Mais je vous aime et vous admire,
Et le boudhiste souriant
En ces vers vous offre la myrrhe
Et l’encens pur de l’Orient[1].


N’est-ce pas là le jugement de la postérité qui commence à le mettre à son rang[2] ? Au château de la Bourdonnais, où il mourut le 2 octobre 1905, des mains pieuses avaient placé près de lui, dans son cércueil, le livre si mince et si grand[3]. Ses obsèques répondent à sa vie ; aussi sont-elles moins froides que celles de Leconte de Lisle. C’est un concert de regrets vrais. On ramène d’abord le corps à l’Arsenal, et là, au nom de la Société des Gens de lettres, M. Marcel Prévost parle avec une reconnaissance vibrante, magnifiant le cœur de Heredia autant que son talent : « Non, mon bon maître, tant de gloire qui vous survit ne suffit pas à éclipser tant de bonté morte avec vous[4] ». « C’était un cœur d’or, dit M. Hanotaux, une âme exquise, une vraie nature de poète telle qu’on se les figure d’après la légende… Il passa dans le monde en n’y voyant rien que la beauté[5] ». Enfin, on le transporte près de Rouen, au cimetière de Bon-Secours, où sa mère était enterrée.

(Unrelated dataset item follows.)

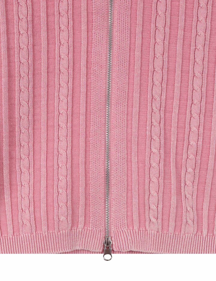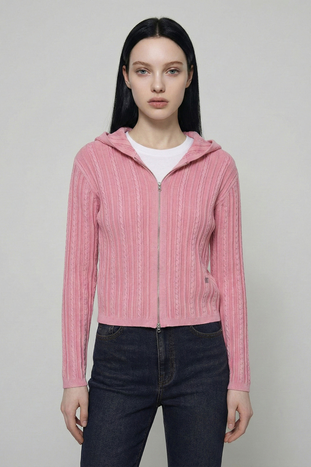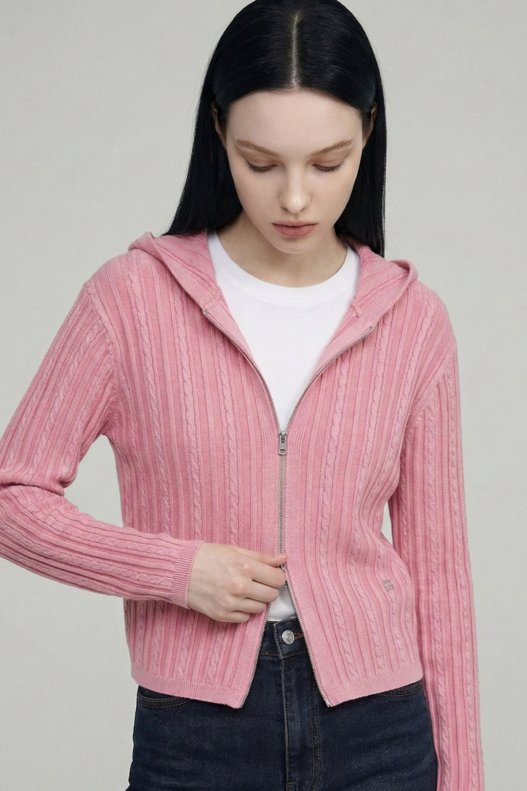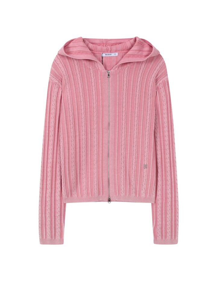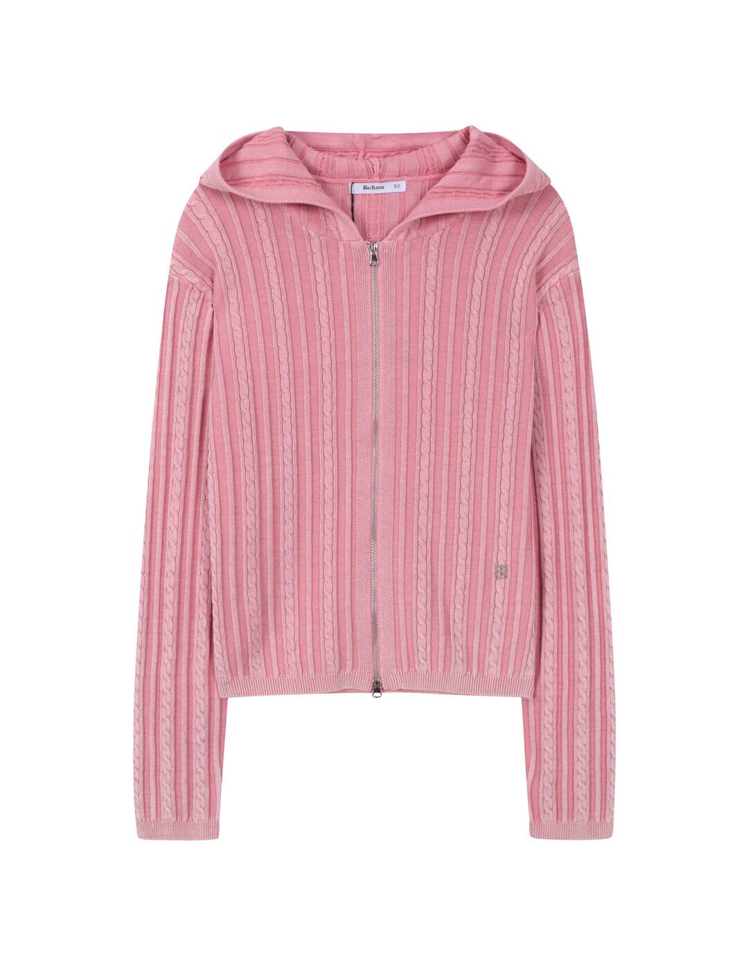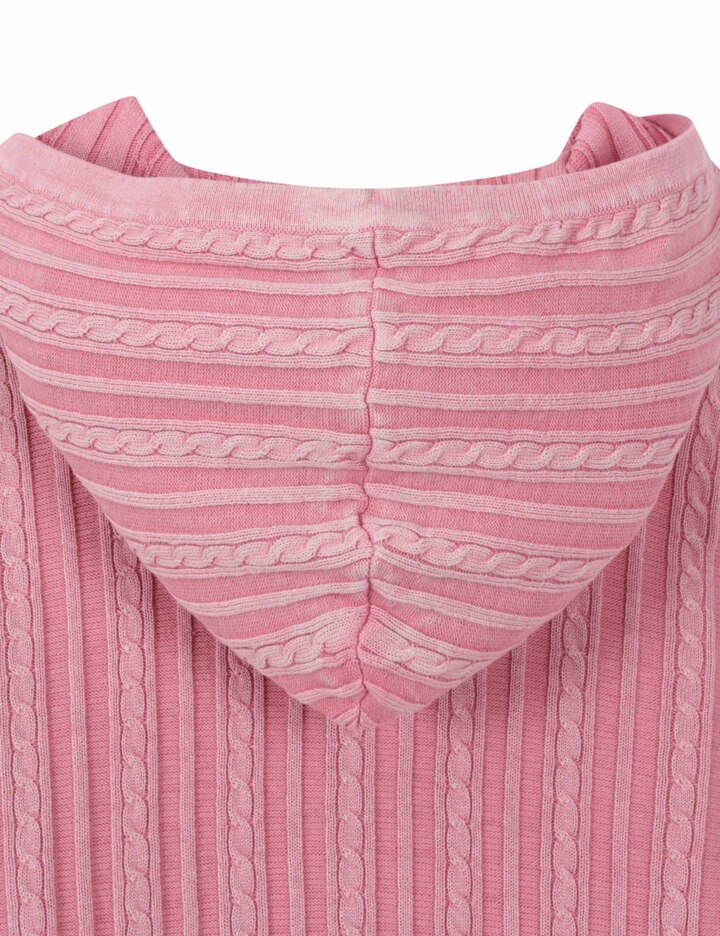 Q1 주요 착용 연령대는 어떻게 되나요? A1 여성 제품이며 XS, S 사이즈로 구성되어 성인 여성 착용에 맞춰 선택할 수 있습니다. Q2 어떤 디자인의 집업인가요? A2 케이블 조직과 다잉 가공으로 빈티지한 감성을 더한 니트 후드 집업입니다. Q3 핏은 어떻게 떨어지나요? A3 루즈 핏으로 여유로운 착용감이 특징입니다. Q4 컬러 옵션은 무엇인가요? A4 PINK, CHARCOAL GREY 컬러로 표기되어 있습니다. Q5 포인트 디테일이 있나요? A5 지퍼 클로징 사양과 좌측 하단 금속 라벨 디테일로 완성도를 더했습니다. Q6 어떤 스타일에 매칭하기 좋나요? A6 캐주얼·데일리 스타일에 매칭이 용이하다고 안내되어 있습니다. Q7 세탁 방법은 어떻게 되나요? A7 드라이클리닝을 권장하며 니트 전용 관리가 안내되어 있습니다.

Et maintenant, répétons la parole de Barrès : « il dort auprès de celle qui l’avait préparé pour nous aimer… Le fils des conquistadors repose sous le ciel où le vent dispersa les cendres de Jeanne d’Arc. Sa tombe accroît encore la spiritualité de ce Rouen où l’auteur duCid enseigna l’art des vers à Jacqueline Pascal[6] ». À côté du tombeau pousse un laurier que le vent de la Seine fait trembler ; sur la pierre est gravé ce vers :


Mon âme vagabonde à travers le feuillage
Frémira…


Il aimait, d’un amour de prédilection, ce vers d’André Chénier ; il le citait, comme exemple de beauté : « les muettes particulières à notre langue l’allongent, le rendent plus respirable. Elles y mêlent à l’éclatante netteté latine une douceur fluide, une sorte de perspective, d’atmosphère vaporeuse[7] ».

  1. Ibrovac, p. 186.
  2. Jean Royère, Le Manuscrit Autographe, janvier-février 1929, p. 56-57 ; Le Figaro du 9 mars 1929.
  3. Ibrovac, p. 568 ; H. de Régnier, Figaro du 17 octobre 1925.
  4. Ibrovac, p. 200.
  5. Bulletin du Bibliophile, 1905, p. 455.
  6. Journal Officiel du 19 janvier 1907, p. 433.
  7. André Chénier, Les Bucoliques, édition Heredia, p. xxix et 59.